Unnamed: 0,Claim,Food,Phenotype,Relationship-effect,Food Ontology Term,foodDB_wiki
0,ALA contributes to the maintenance of normal b...,Alpha-linolenic acid (ALA),Normal blood cholesterol,Maintenance of a function,https://foodb.ca/compounds/FDB012462,['http://en.wikipedia.org/wiki/Alpha-Linolenic...
1,Activated charcoal contributes to reducing exe...,Activated charcoal,Excessive flatulence,Enhancing a function,https://foodb.ca/compounds/FDB008898,['http://en.wikipedia.org/wiki/Activated_carbon']
2,Barley grain fibre contributes to an increase ...,Barley grain fibre,Increase in faecal bulk,Enhancing a function,https://foodb.ca/foods/FOOD00088,['http://en.wikipedia.org/wiki/Barley']
3,Beta-glucans contribute to the maintenance of ...,Beta-glucans,Normal blood cholesterol,Maintenance of a function,https://foodb.ca/compounds/FDB005762,['http://en.wikipedia.org/wiki/Glucan']
4,Betaine contributes to normal homocysteine met...,Betaine,Normal blood homocysteine,Maintenance of a function,https://foodb.ca/compounds/FDB009020,['http://en.wikipedia.org/wiki/Betaine']

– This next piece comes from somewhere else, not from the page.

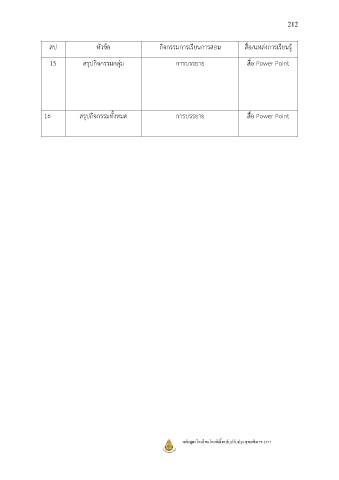 212 สป หัวข้อ กิจกรรมการเรียนการสอน สื่อ/แหล่งการเรียนรู้ 15 สรุปกิจกรรมกลุ่ม การบรรยาย สื่อ Power Point 16 สรุปกิจกรรมทั้งหมด การบรรยาย สื่อ Power Point ั ุ หลักสตรโรงเรยนโคกอเกิ้งฉบับปรบปรง พุทธศักราช 2553 ู ี ี

### ANOTATE CLAIMS USING OPENAI GPT-3.5 TURBO MODEL

The text present in the 'Claim' column is sent to the OpenAI GPT-3.5 Turbo model for annotation. The function extracts the entities, classifies them, and extracts an association between those entities. The entities to extract are of the types: "Food Entity", "Phenotype". The function returns the results as a YAML object with the following fields:

entities: the list of entities in the text, each entity is an object with the fields: label, type
association: a list with the most important association between entities in the text, an association is an object with the fields: "subject" for the subject entity, "predicate" for the relation (maintenance of function, enhancing a function, reducing a risk factor), "object" for the object entity
The function saves the annotated results in 'data/annotated_claims.csv' file.

In [143]:
import requests
import json

def annotateClaimsKG():
    url = 'https://api.collaboratory.semanticscience.org/openai-extract'
    headers = {'content-type': 'application/json'}
    params = {'prompt':'From the text below, extract the entities, classify them and extract an association between those entities, Entities to extract should be of one of those types: "Food Entity", "Phenotype". Return the results as a YAML object with the following fields: - entities: <the list of entities in the text, each entity is an object with the fields: label, type> - association: <a list with the most important association between entities in the text, an association is an object with the fields: "subject" for the subject entity, "predicate" for the relation (maintenance of function, enhancing a function, reducing a risk factor), "object" for the object entity>'}

    annot = []
    for i in range(0,len(df)):
        while True:
            data = {
                'text': df['Claim'][i]
            }
            response = requests.post(url, params=params, data=json.dumps(data), headers=headers)
            print(response)
            try:
                response = response.json()
                print(response)
                food_entities = [entity['label'] for entity in response['entities'] if entity['type'] == 'Food Entity']
                phenotype_entities = [entity['label'] for entity in response['entities'] if entity['type'] == 'Phenotype']
                health_relationships = [association['predicate'] for association in response['association']]
                row = [df['Claim'][i], food_entities, phenotype_entities, health_relationships]
                annot.append(row)
                break
            except:
                pass
    annotations = pd.DataFrame(annot, columns=['Claim', 'Food','Phenotype','Health relationship'])
    annotations.to_csv('data/annotated_claims.csv', index=False)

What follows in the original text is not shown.